A Kennington 'Scholar'
This morning I crossed the road to the three Polish sisters' cafe for breakfast coffee and an egg and bacon sandwich. I took a seat up the back of the little establishment, which was empty but for an old coot sitting in the opposite corner. His great beak of a nose was dipping over the pages of The Times and his lips moved silently with the effort of reading. After a while he pulled out a pair of spectacles and held one lens up to his right eye and continued reading, methodically, every column. At last he had wrung out all of the information from the paper and he folded it in half, and in half again. Then he pulled out of his coat pocket a well-thumbed bible, grimy with use. He opened it at a random page. Next, he took an enormous magnifying glass from another pocket and began to read the tiny, inflammatory text. Many sections had been highlighted in fluorescent yellow or pink and there were little slips of bookmarking paper jutting out all through the object so that it rather resembled a dirty black and white Pangolin. He looked up from his Bronze Age fiction and caught my eye.
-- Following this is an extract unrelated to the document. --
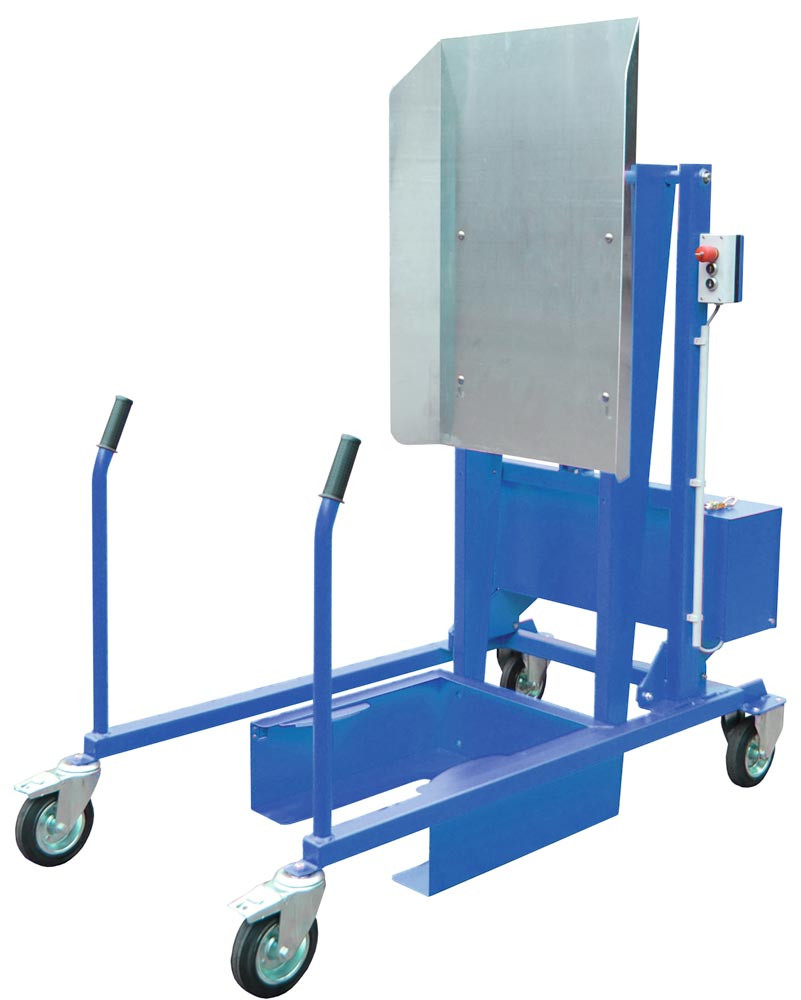 Mülltonnen-Kippstation, elektrohydraulisch, 12 V, ohne Ladegerät, LxBxH 1570x880x1720 mm, RAL 5012 lichtblau

"Might you have the time, sir?" he asked. I looked at my watch.
"A quarter past nine." He grunted in approval and bent his beak back to his task. My breakfast arrived and I lost track of his studies over in the corner. Suddenly he stood up and advanced towards my table.
"Do you want something to read, sir?" For an awful moment I thought he was going to offer me his little curled paper armadillo, but then I saw he was brandishing the Times instead. So I accepted it with relief and wished him a pleasant day.